Tamtas are now found in the United states as well, where some have married into the US-born Indian population.

==Traditional occupation==

Tamrakars are traditional coppersmiths who make household utensils of copper and brass according to the division of labour practiced from ancient times. Jewelry and ritual objects made of silver are other products. They are also known for making traditional musical instruments like the ponga and the payntah, long horns made of copper.

Many Tamrakars of Kathmandu participated in the traditional Tibet trade, and used to operate shops in Lhasa in Tibet, Ladakh in India and other trade centers on the Silk Road.

==Culture==

The Tamrakars of Maru in Nepal have the task of playing the payntāh (long horn) during the Samyak festival, the greatest Newar Buddhist celebration which is held once every 12 years in Kathmandu and in which each Urāy caste has a duty.

During the Yenya festival (also known as Indra Jatra) held in Kathmandu, a Tamrakar family of Maru has the responsibility of bringing out the procession of the goddess Dagin (दागिं) (alternative name: Dagim). Similarly, a Tamrakar dancer from Maru plays the part of Daitya in sacred dances.

== Society ==
Tamrakars (mostly from Patan) have formed a society, "Tamrakar Samaj", consisting of 650+ members. Tamrakar Samaj organizes various social events like Bratabandha, Gupha Rakhne etc. as well as works actively in promotion of Tamrakar.

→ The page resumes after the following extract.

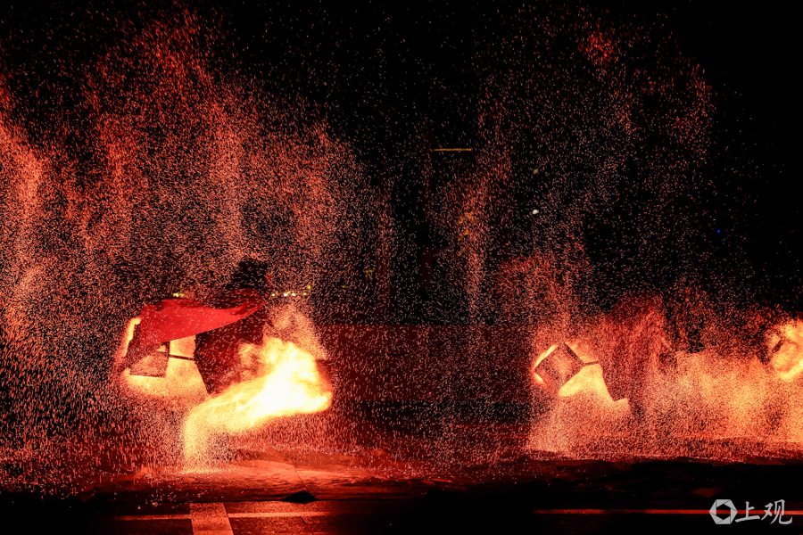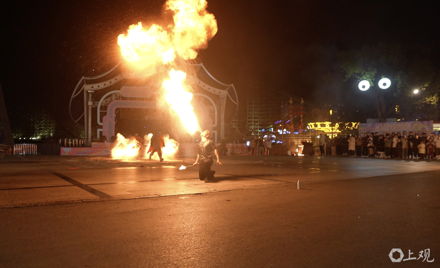 非遗火舞表演。

==History in Achhami Tamrakar==
In 1565 B.S Bharu malla #Mahendra malla son went to 24 state in nepal Than he was lived at jumla place and He occupied the kingdom of Jumla . his son bhiya malla was born than his gemeration was rule in jumla state Shaki malla and Ashaki malla rule in state.But
His son did not like this place and went to Achham district. He fell in love with a low caste girl. After the king of Achham found out, he brought down the tribe of Devau and kept Tamata. All societies called Tamata and her surname became Tamata.
Devau's son Ratan Motena went and stayed in that village.